Simulated Author's Rebuttal

2 responses · 0 unresolved

We thank the referee for the constructive and detailed feedback. We address each major comment below and describe the revisions we will incorporate.

read point-by-point responses

Referee: [Abstract] Abstract and evaluation section: The headline results (278/300 overall, 100% on Sets A and B) rest on the unstated assumption that every required operation in the 300 tasks is present in the fixed primitive registry and that tasks were not constructed by enumerating registry operations first; without a description of task generation process or registry completeness, the comparison to unconstrained baselines tests constraint adherence rather than the compilation architecture's robustness on arbitrary workflows.

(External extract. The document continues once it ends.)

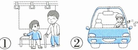示例:① 小男孩给老爷爷让座,这是尊老的表现,我们应该向他学习。②(或:③) 不能在开车时往车外扔垃圾,这样容易导致交通事故,还会破坏环境。(或:水资源有限,人人都应该节约用水,像图中这样不及时关闭水龙头会造成水资源的浪费。)
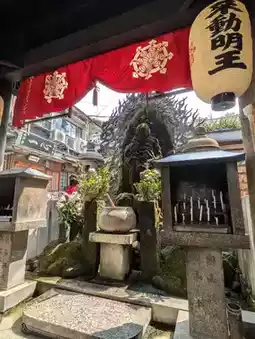 This small temple is located in the heart of Hozenji Yokocho. A leisurely stroll through the area takes less than 10 minutes, and there are no particularly spectacular treasures. The surrounding area is lined with Dotonbori's various shops, both large and small, creating a lively hustle and bustle throughout the day and night. However, even amidst the hustle and bustle, the temple naturally evokes a distinct atmosphere, distinct from the commercial district, and visitors quietly worship. The temple grounds are small, so groups of around 10 people may feel a bit cramped. For this reason, we recommend visiting in small groups. As mentioned above, there are no particularly eye-catching features, but the temple's unique Mizukake Fudoson statue stands out. It's said that if you think about your wish and pour water on it, it will come true. The statue is now covered in moss, thanks to the many people who pour water on it. While pouring water on it isn't required, it's worth trying it for your everyday small wishes.

Authors: We agree that the manuscript should have explicitly described the task construction process and registry scope. The 300 tasks were generated by enumerating combinations of the 25 primitives in the typed registry (covering data ingestion, transformation, aggregation, SQL persistence, and schema operations) while varying depth, statefulness, and stress conditions; no task requires an operation outside the registry. This design intentionally evaluates the compilation architecture within a registry-constrained setting, which we argue is the relevant regime for reliable structured LLM pipelines. In the revised manuscript we will add a new subsection in Evaluation detailing the registry contents, the task-generation procedure, and an explicit statement of scope. We will also revise the abstract and conclusion to frame the results as demonstrating gains for registry-constrained workflows rather than claiming generality to fully arbitrary code generation. revision: yes
Referee: [Evaluation] Evaluation: No ablation is reported that isolates the contribution of the static graph validator versus the typed registry alone, making it impossible to determine whether the performance gains are load-bearing on the validation step or simply on the constraint of using a small fixed set of primitives.

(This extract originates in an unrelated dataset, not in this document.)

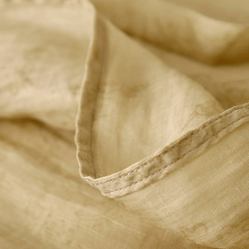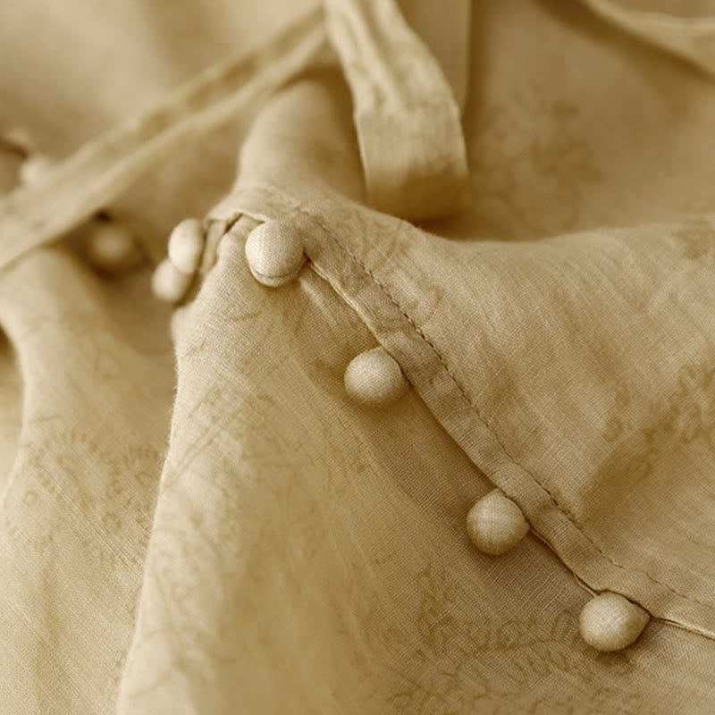 Vestido midi de verano de algodón y lino con cuello en V, mangas cortas y cordones para mujer, con bolsillos y estampado de Buddha Stones

Authors: This is a fair criticism; the current evaluation does not contain a quantitative ablation that runs the same tasks with the typed registry but without the static validator. The architecture integrates the two components, and we did not execute invalid plans. We can, however, report that 14 of the 22 failures were type or structural violations that the validator is designed to catch before compilation. In revision we will add a dedicated paragraph in the Evaluation section that (a) enumerates the failure modes with examples of validator-rejected plans, (b) provides a qualitative analysis of how validation prevents downstream execution errors, and (c) states the limitation that a controlled ablation was not performed. If space and time permit, we will also run a limited ablation on a 50-task subset to supply quantitative numbers; otherwise the discussion will clearly note the absence of such data. revision: partial

Circularity Check

0 steps flagged

No circularity: empirical results on benchmark with no self-referential derivations or fitted predictions

full rationale

The paper presents a systems architecture (typed node registry, static validation, deterministic compilation) and reports direct empirical success rates (278/300 overall, 100% on sets A/B, etc.) against external baselines (GPT-4.1, Claude). No equations, mathematical derivations, or 'predictions' appear in the provided text. No self-citations, ansatzes, or uniqueness theorems are invoked. The benchmark results are presented as measured outcomes rather than quantities forced by construction from fitted parameters or registry definitions. The central claims therefore rest on external comparison and do not reduce to the inputs by the enumerated circularity patterns.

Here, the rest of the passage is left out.